#### WHAT TO WORK ON
Taking the data below, please print only the lines from the line holding "Mesa de centro" to the line holding "2月19日,瑞士队球员阿林娜·米勒在赛后庆祝胜利。", inclusive, with pictures omitted.

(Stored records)
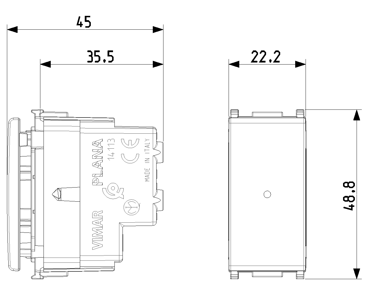 Modular device for domestic switching devices
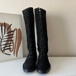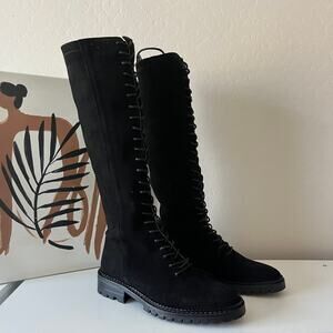Tuckernuck Black Kyle Lace Up Knee High Suede Leather Lug Boots Size 6 New
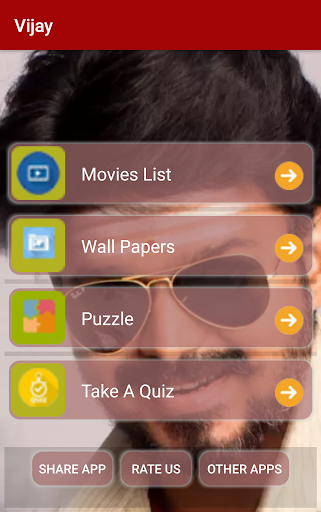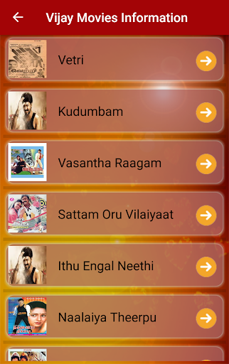 This Application displays the information of Vijay movies, it will not play any video or audio of his movies, it is a multipurpose application to Vijay fans, and App contains four options.
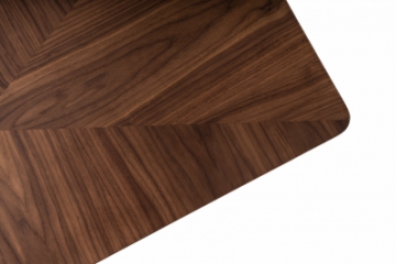 Mesa de centro laminada, com tampo em MDF marchetaria ou liso e base em aço carbono laminado ou pintado.
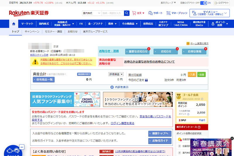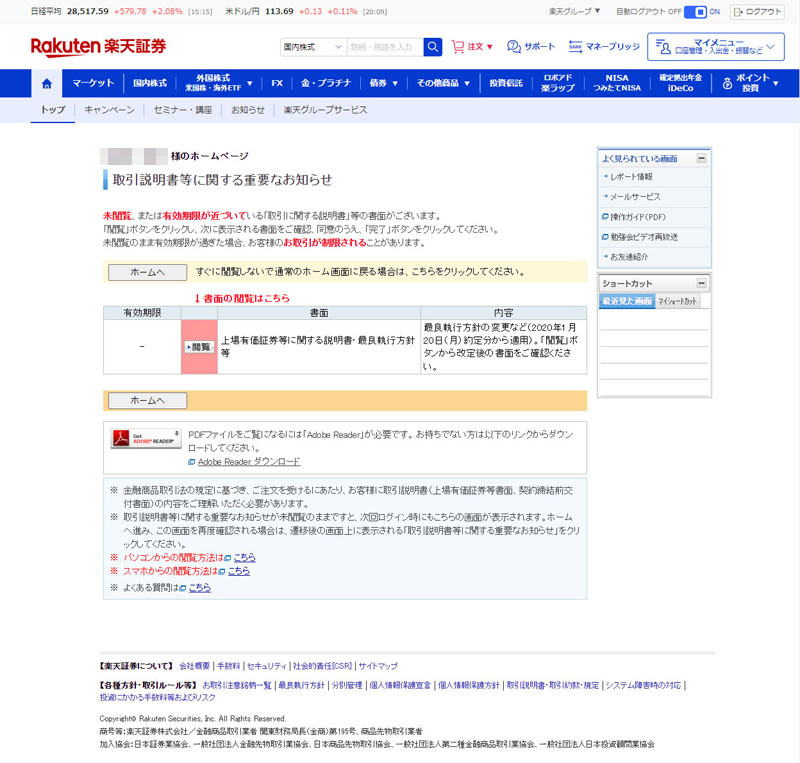 すると「未閲覧の重要な書類があります。取引ができなる場合があるので、こちらから必ずご覧ください」の注意書きが出ていました。
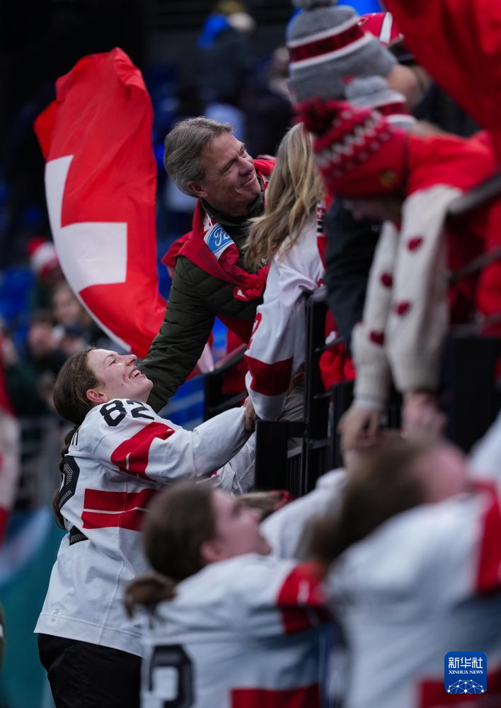 2月19日,瑞士队球员阿林娜·米勒在赛后庆祝胜利。
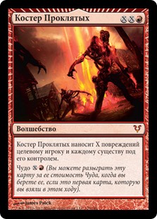 | Rules | Bonfire of the Damned deals X damage to target player or planeswalker and each creature that player or that planeswalker's controller controls. Miracle (You may cast this card for its miracle cost when you draw it if it's the first card you drew this turn.) |

#### SOLVED EXERCISE
 Mesa de centro laminada, com tampo em MDF marchetaria ou liso e base em aço carbono laminado ou pintado.
 すると「未閲覧の重要な書類があります。取引ができなる場合があるので、こちらから必ずご覧ください」の注意書きが出ていました。
 2月19日,瑞士队球员阿林娜·米勒在赛后庆祝胜利。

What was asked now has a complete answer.